Federal judge rules Pennsylvania school district must allow After School Satan Club
A school district in Pennsylvania must allow students to convene an After School Satan Club, a federal judge ruled on Monday.
“In a victory for free speech and religious freedom, a federal court has ruled that the Saucon Valley School District must allow the After School Satan Club to meet in district facilities,” the American Civil Liberties Union (ACLU) announced.
In a Monday filing, issued in the U.S. District Court for the Eastern District of Pennsylvania and shared by the ACLU, a judge found that “here, although The Satanic Temple, Inc.’s objectors may challenge the sanctity of this controversially named organization, the sanctity of the First Amendment’s protections must prevail.”

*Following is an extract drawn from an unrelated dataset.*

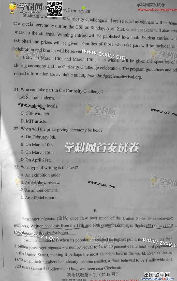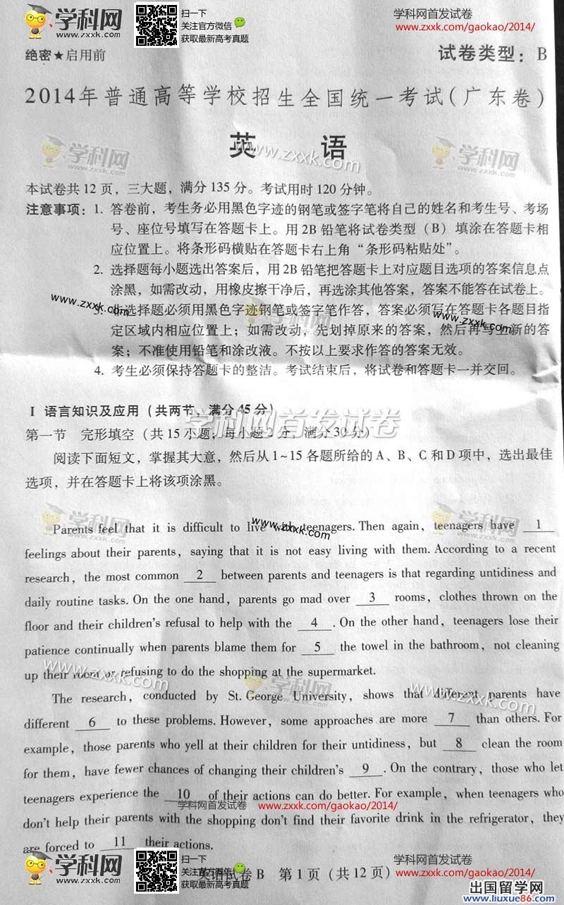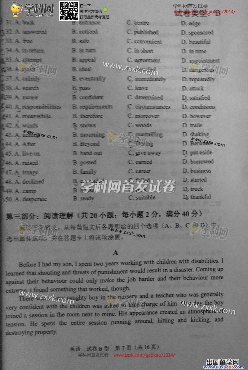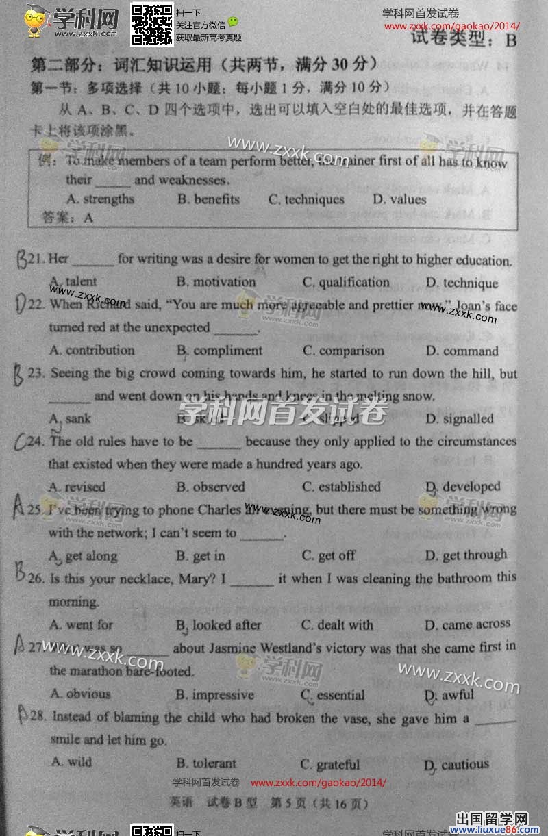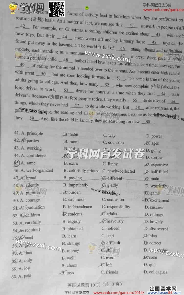 2014年的高考已经到来,出国留学网为您的高考之路保驾护航,青海高考频道考后为您首发2014青海高考英语试题以及参考答案,高考期间请您密切关注出国留学网高考频道,了解最新资讯您可以按CTRL+F5刷新页面,相信自己,您一定可以取得令人满意的成绩。

The school district must allow the After School Satan Club, which is sponsored by The Satanic Temple, to meet during the school year on three previously agreed-upon dates, but it won’t have to distribute permission slips for the club for students to take home, according to the filing.

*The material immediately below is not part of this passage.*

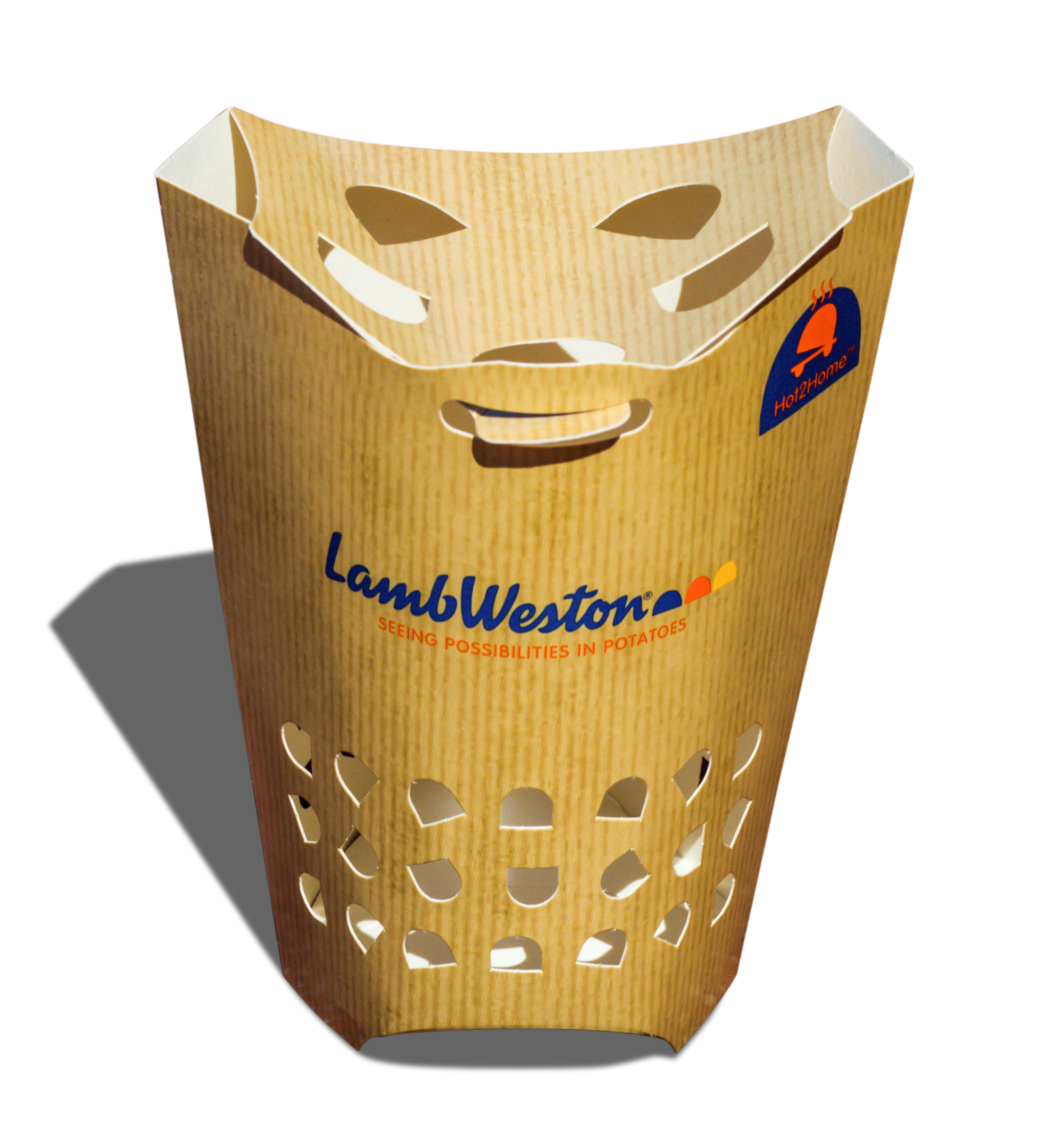 The new Hot2Home™ Fry Cup is made of folding carton board. The Hot2Home™ pack has a standing, tapered shape with a curved bottom that enables the fries to have an open stack in the pack to allow air to flow through the stack of fries. A pattern with holes has been made in the sides and the lid of the pack to provide optimal ventilation. Because of the specific design of the holes in the sides and the lid, the cup works like a chimney that helps to remove the moisture released by the fries in such a way that the fries stay crispy and warm for 20 minutes. The shape of the holes has been derived from the logo of LambWeston and creates the link between the pack and the owner of the design. The graphical design is quite neutral, but can be changed according to the specific wishes of the customers of LambWeston. The functioning and design have been validated through consumer research that showed that consumers associated the shape of the Hot2Home cup with fries.

The national ACLU, the ACLU of Pennsylvania and Dechert LLP filed the suit against the school district on behalf of The Satanic Temple in March, arguing the district violated the First Amendment by prohibiting the club from meeting in the district’s facilities.
The district argued that it prohibited the club because permission slips didn’t make it clear that the club wasn’t district-sponsored.
“When confronted with a challenge to free speech, the government’s first instinct must be to forward expression rather than quash it. Particularly when the content is controversial or inconvenient. Nothing less is consistent with the expressed purpose of American government to secure the core, innate rights of its people,” Judge John M. Gallagher wrote in the Monday ruling.
An After School Satan Club was allowed to meet earlier this year in Virginia following a similar controversy that made headlines.